Considering the nonlinear relationship between battery capacity degradation and cycle times, Luo Yue proposed an improved nonlinear AR model,

 which introduces an accelerated degradation factor in the later stage of prediction to improve the accuracy of prediction.


The ANN model is an artificial intelligence network system composed of multiple neurons according to certain rules, and is a typical nonlinear model. 

The RVM model belongs to the data regression analysis method,

 which can flexibly control overfitting and underfitting by adjusting parameters, and has the characteristics of probabilistic prediction. 

The prediction method based on internal mechanisms has better theoretical support and accuracy, but it is more complex. 

The advantage of data-driven methods is simplicity and practicality, but due to the inability of the obtained data to cover all parameters, it also has certain limitations.


3、summary

This article mainly introduces the research on the influencing factors of cycle life and life prediction models of power lithium-ion batteries. 

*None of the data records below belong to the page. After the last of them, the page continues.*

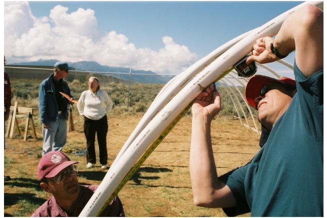
Figure 6. Marking the height where the braces will be attached.
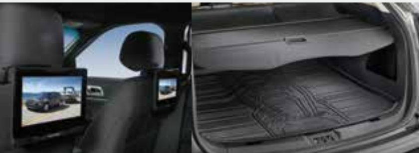
Rear Seat Entertainment System 1
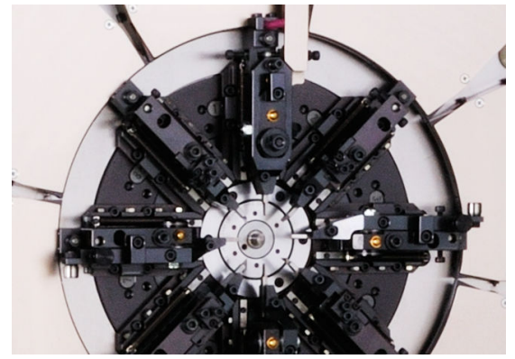
Tooling table without dead zone
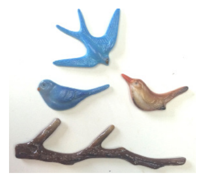
After firing the glass and allowing it to to cool naturally, de mold the glass and wash the frit castings to remove any residual glass separator.
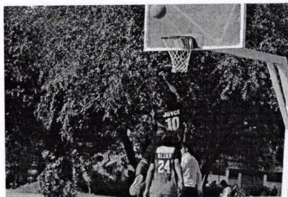
Students participating in basketball match
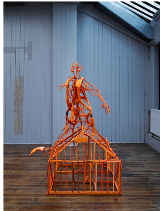
Baxter Koziol Invisible Man Security System 2024 New Dirt in orange, scaffolding safety harness, yarn, pine, trim nails, wire 36 x 40 x 72 in 91.5 x 101.5 x 183 cm
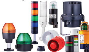
Light beacon and sound beacon.

It can be seen that there are many factors that affect the cycle life of power lithium batteries, and the influencing factors are also different for lithium batteries with different materials and structures.


From the analysis in the article,

 it can be seen that we can extend the battery life by controlling parameters, 

such as allowing the battery to operate under appropriate temperature, rate, and charge discharge conditions. 

Relatively speaking, the factors affecting the cycle life of a battery pack are more complex, 

as these factors interact with each other and the issue of cell consistency can lead to the underutilization of the battery pack's performance, severely shortening its cycle life.


When predicting the cycle life of a battery, the establishment of an accurate, reasonable, 

and simple operational model based on the internal mechanism of the battery, a certain characteristic parameter,

 or a large amount of measured data is of great significance for the accurate evaluation of battery cycle life and further optimization of performance.